Exercise objective
A faithful copy of the data, pictures omitted, is the required answer.
[[ Available data, beginning ]]
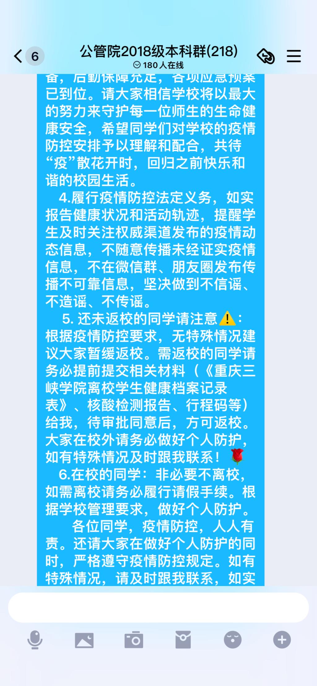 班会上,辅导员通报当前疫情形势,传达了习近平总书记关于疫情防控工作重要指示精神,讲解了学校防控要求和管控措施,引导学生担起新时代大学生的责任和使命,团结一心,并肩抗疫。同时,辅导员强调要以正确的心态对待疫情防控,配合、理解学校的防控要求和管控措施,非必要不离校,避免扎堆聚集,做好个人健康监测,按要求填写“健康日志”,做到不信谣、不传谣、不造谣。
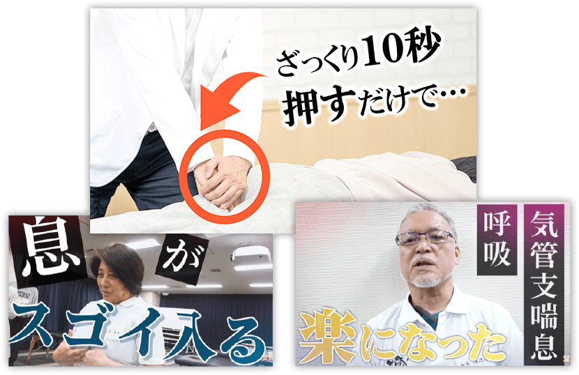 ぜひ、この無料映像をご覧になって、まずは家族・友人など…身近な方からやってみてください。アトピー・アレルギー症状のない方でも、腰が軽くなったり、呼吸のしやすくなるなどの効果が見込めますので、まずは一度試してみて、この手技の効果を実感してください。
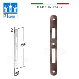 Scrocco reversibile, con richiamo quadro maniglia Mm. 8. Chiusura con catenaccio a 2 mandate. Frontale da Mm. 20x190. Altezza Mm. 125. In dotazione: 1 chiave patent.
[[ Available data, end ]]
Solution
 班会上,辅导员通报当前疫情形势,传达了习近平总书记关于疫情防控工作重要指示精神,讲解了学校防控要求和管控措施,引导学生担起新时代大学生的责任和使命,团结一心,并肩抗疫。同时,辅导员强调要以正确的心态对待疫情防控,配合、理解学校的防控要求和管控措施,非必要不离校,避免扎堆聚集,做好个人健康监测,按要求填写“健康日志”,做到不信谣、不传谣、不造谣。
 ぜひ、この無料映像をご覧になって、まずは家族・友人など…身近な方からやってみてください。アトピー・アレルギー症状のない方でも、腰が軽くなったり、呼吸のしやすくなるなどの効果が見込めますので、まずは一度試してみて、この手技の効果を実感してください。
 Scrocco reversibile, con richiamo quadro maniglia Mm. 8. Chiusura con catenaccio a 2 mandate. Frontale da Mm. 20x190. Altezza Mm. 125. In dotazione: 1 chiave patent.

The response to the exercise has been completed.